Beginning with the line that contains "Фото 7. Ректор" and ending with the line that contains "Fig. 1. Eleazar", reproduce the lines of the entries below exactly, omitting pictures.

(Extracted data entries)

************

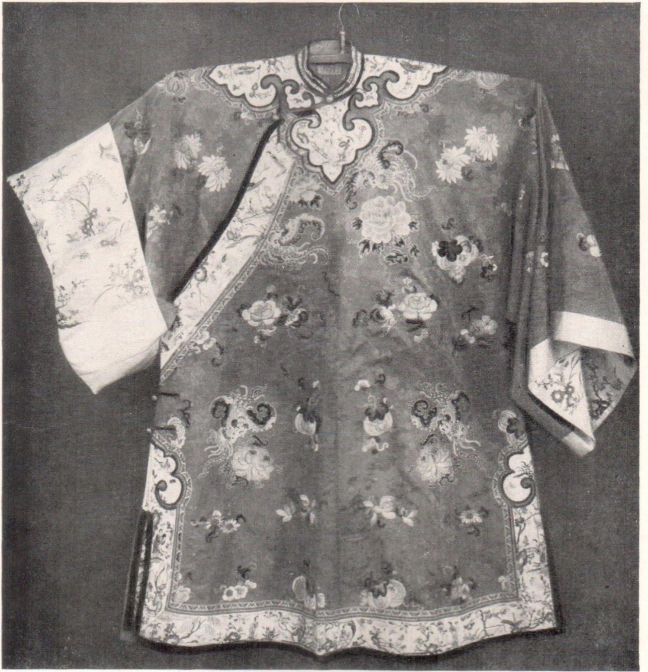
Женская кофта голубого шелка с вышивкой. XIX в.
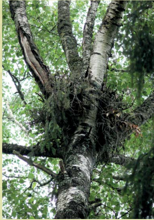
Risupesa – võimalik haruldase linnuliigi elupaik.
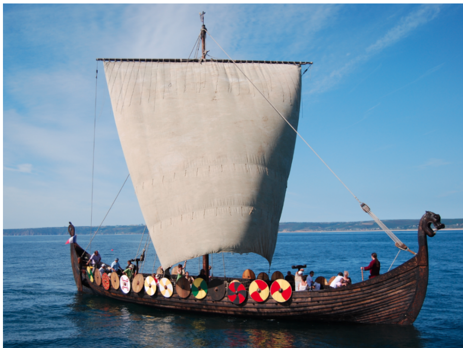
Pour la fête de la mer, le Dreknor, Drakkar reconstitué, accoste à Saint-Valery-en-Caux.
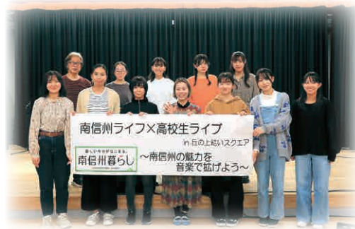
でこさん(写真前列中央)と高校生の皆さん

今後、SNS等での発信やイベント等でも活用していく予定ですので、地域内外の多くの方達に聴いていただきたいと思います。
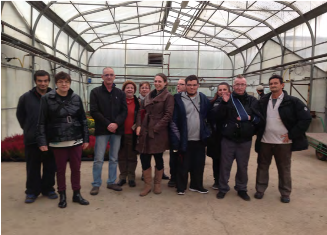
Visite de l'ESAT de Liverdun, Le Domaine des eaux bleues
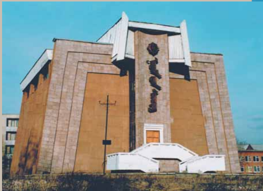
Здание хранилища восточных рукописей

Однако все это лишь отзвуки былого богатства бурятских храмов. По приблизительным подсчетам, в 1914 году минимальное количество буддийской литературы в сорока основных бурятских дацанах составляло 450 тыс. томов (по 400 страниц в среднем) и оценивалось в 4,5 млн руб. (в ценах 1914 года). Это без учета того, что в отдельных дацанах имелись особо ценные издания, художественно переписанные «девятью драгоценностями»*. К примеру, Ганджур (собрание проповедей Будды) без учета бумаги и драгоценных красок оценивался в 65 тыс. руб. в ценах 1909–1910 гг.**. Кроме того, в это число не было, очевидно, включено содержание десятков сотен субурганов (буддийских ступ, уничтоженных во времена репрессий), которые хранили сотни тысяч томов буддийских текстов и других культовых реликвий.
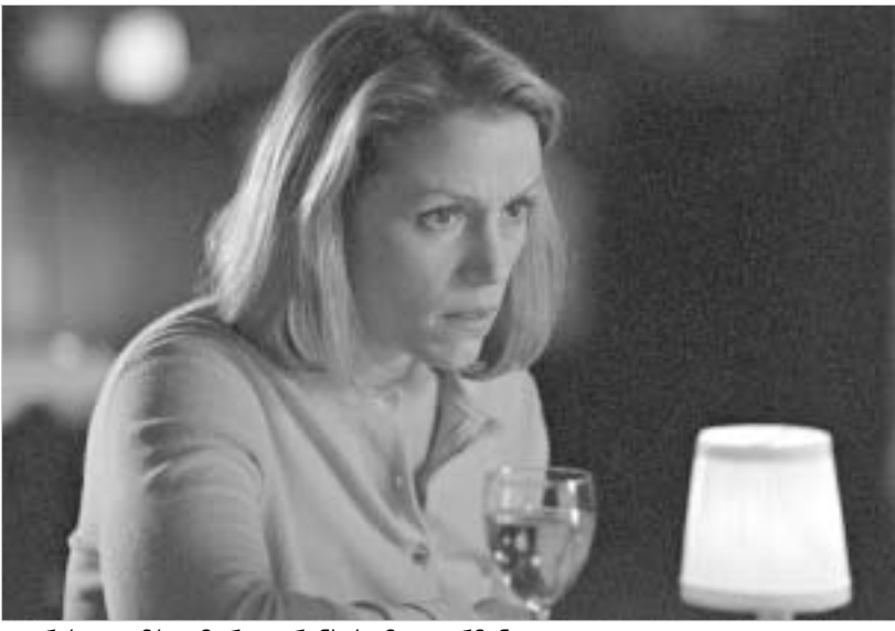
ფიურის თავმჯდომარე ფრენსის მაკდორმანდი.

"ოსკარი" ხედება "ოქროს დათვს" - კინომოყვარულებს, რომლებიც ხშირ-ხშირად ამონებენ ბერლინის კინოფესტივალის ინტერნეტ-საიტს, ეს სათაური შეუმჩნეველი არ დარჩებოდათ. ამ "დასოფრულ" ახალ ამბავში ფესტივალის ორგანიზატორები გულისხმობენ იმას, რომ ფიურის თავმჯდომარეა ფრენსის მაკდორმანდი "ოსკარის" მფლობელი ფილმისთვის "ფარგო". მეტიც, რადგანაც "ფარგო" არაპოლიფუფური ნაწარმოებია, მაკდორმანდი და მოუკიდებელი კინოს ერთ-ერთი მთავარი კერპიც გახლავთ. მაკდორმანდი უხელმძღვანელებს ფიურის, რომლის წევრებს შორისაც გახლავთ ცნობილი ირანელი სახე სამირა მაკმალაფი, იტალიელი მსახიობი ვალერია ბრუნი ტედეში, პროდიუსერი პიტერ რომელი და რეჟისორები: 1992 წელს "ოსკარით" დაჯილდოებული იტალიელი გაბრიელე სალვატორესი, ამერიკელი დენ ტალ-
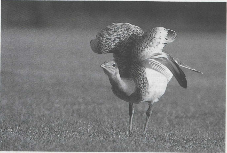
42-43 Grote Trap Otis tarda , Teuge, Gelderland, januari 1985 (René Pop).
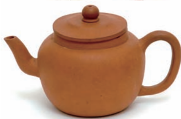
徳川吉宗所用素焼土瓶
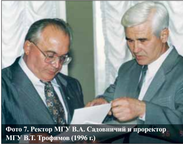
Фото 7. Ректор МГУ В.А. Садовничий и проректор МГУ В.Т. Трофимов (1996 г.)

лаборанта (1960–1963) и ассистента (1963–1969) до профессора (с 1978 г.) и заведующего кафедрой (с 1989 г.). В 1964 году защитил кандидатскую, а в 1976-м — докторскую диссертацию на тему «Инженерно-геологическое районирование крупных территорий на основе анализа закономерностей пространственной изменчивости инженерно-геологических условий». В 1987–1992 годах он — декан геологического факультета МГУ, а с 1992 года — проректор Московского университета.
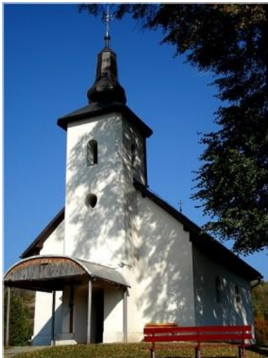
- Zvon z roku 1868
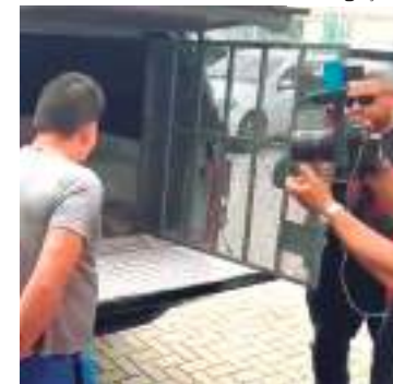
Suposto estuprador foi preso por investigadores da Depca

Após os procedimentos cabíveis, o acusado do crime ficará à disposição da justiça e será encaminhado para o Centro de Recebimento e Triagem (CRT) para dar baixa no presídio.
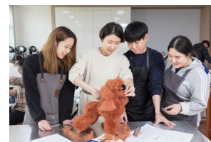
Department of Companion Animal
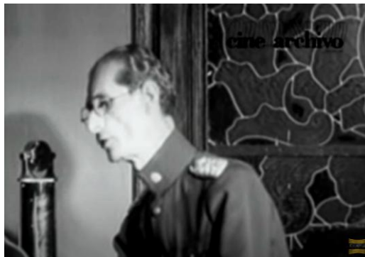
Fig. 1. Eleazar López Contreras en la Radio, 1935.

cuando algunas organizaciones políticas continuaron proponiendo programas de mayor democratización política y económica para el país. En todo, el “Programa de Febrero” fue el primer gran proyecto de reformas del Estado moderno en Venezuela. 8
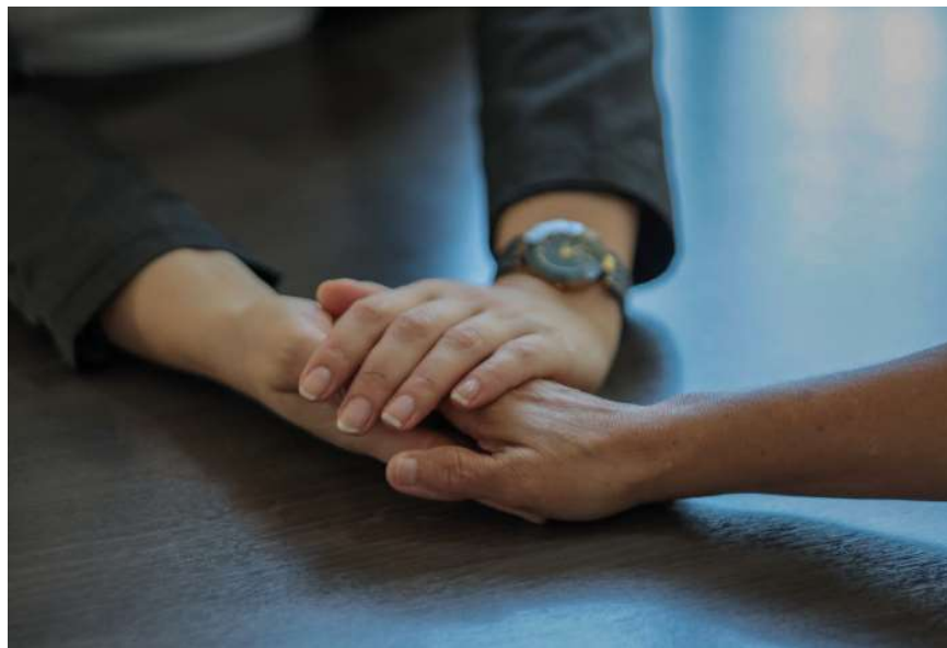
Prefeitura de Porto Velho levará ações de reflexão para as unidades prisionais da capital

O grupo também levará um momento de descontração para as reeducandas do presídio feminino com uma aula de dança. “A professora já participou anteriormente de
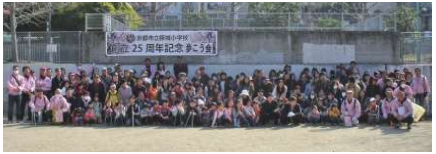
平成 23 年 3 月 13 日 (日) 第 21 回 藤城歩こう会 参加者の皆さん
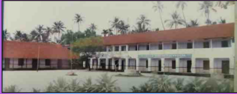
എസ് എം എച്ച് എസ് തൈക്കാട്ടുശ്ശേരി
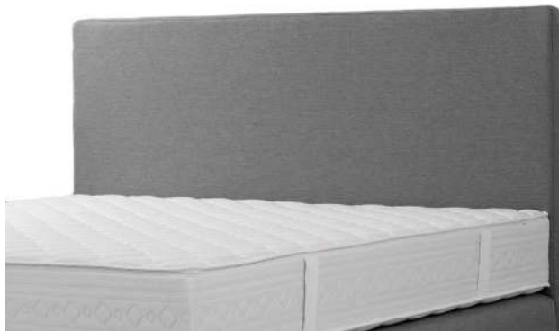
Kopfhaupt D glatt, ohne Steppung
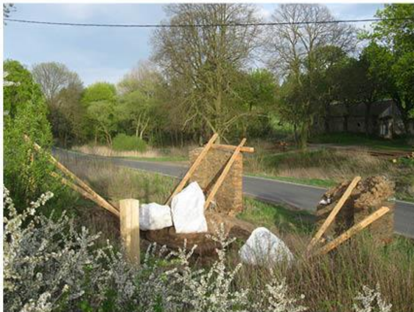
příloha č. 24 Stará stodola, celkový pohled
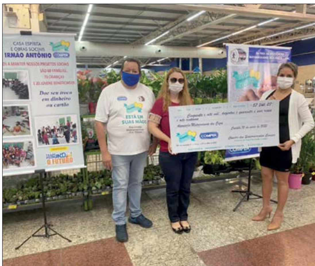
A rede de Supermercados Comper entrega o Troco Solidário para a Associação de Cegos de Mato Grosso. Tá uma campanha social exemplar!
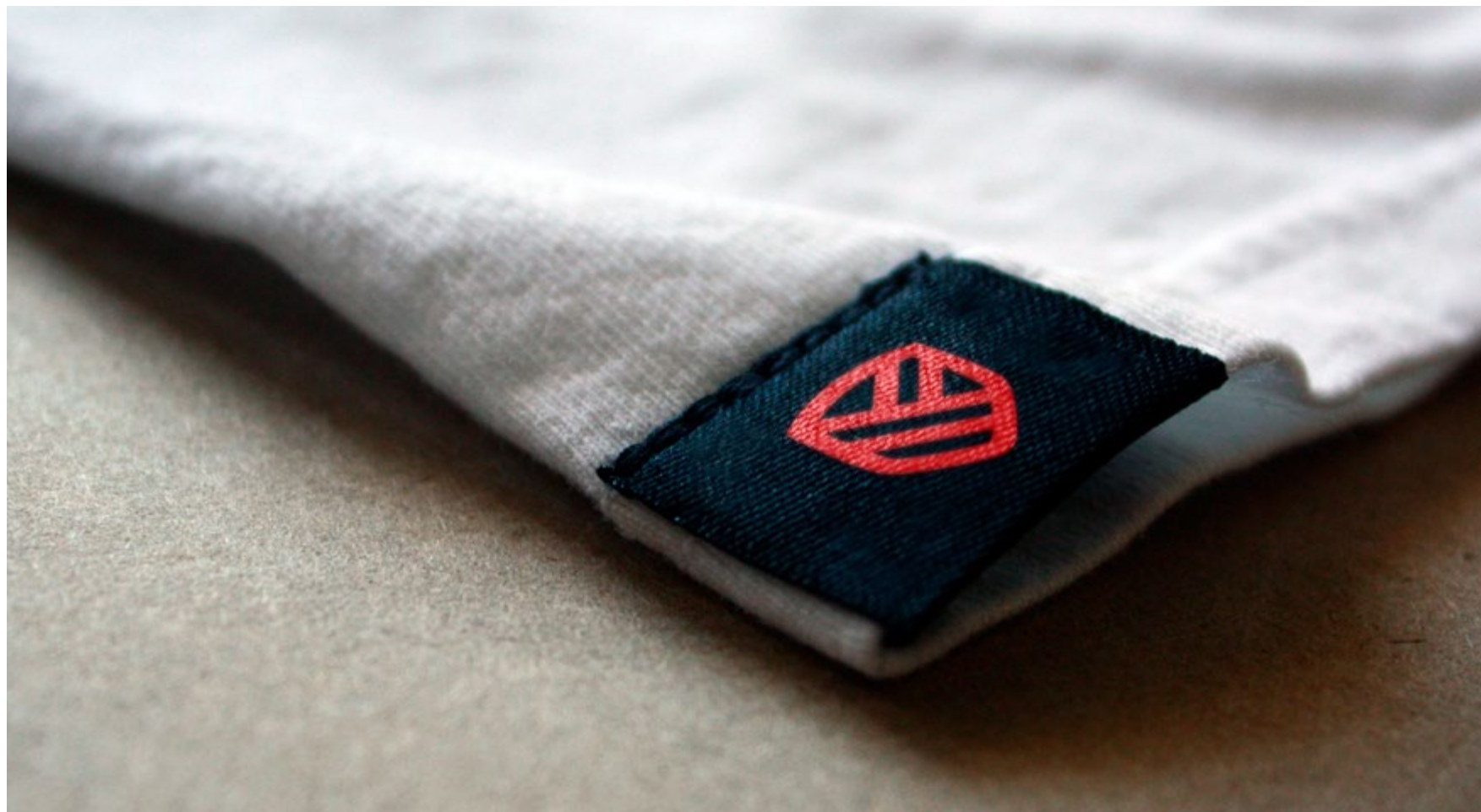
Przykłady wykorzystania marki - wyszycie sygnetu

************

#### Final answer:
Фото 7. Ректор МГУ В.А. Садовничий и проректор МГУ В.Т. Трофимов (1996 г.)

лаборанта (1960–1963) и ассистента (1963–1969) до профессора (с 1978 г.) и заведующего кафедрой (с 1989 г.). В 1964 году защитил кандидатскую, а в 1976-м — докторскую диссертацию на тему «Инженерно-геологическое районирование крупных территорий на основе анализа закономерностей пространственной изменчивости инженерно-геологических условий». В 1987–1992 годах он — декан геологического факультета МГУ, а с 1992 года — проректор Московского университета.
- Zvon z roku 1868
Suposto estuprador foi preso por investigadores da Depca

Após os procedimentos cabíveis, o acusado do crime ficará à disposição da justiça e será encaminhado para o Centro de Recebimento e Triagem (CRT) para dar baixa no presídio.
Department of Companion Animal
Fig. 1. Eleazar López Contreras en la Radio, 1935.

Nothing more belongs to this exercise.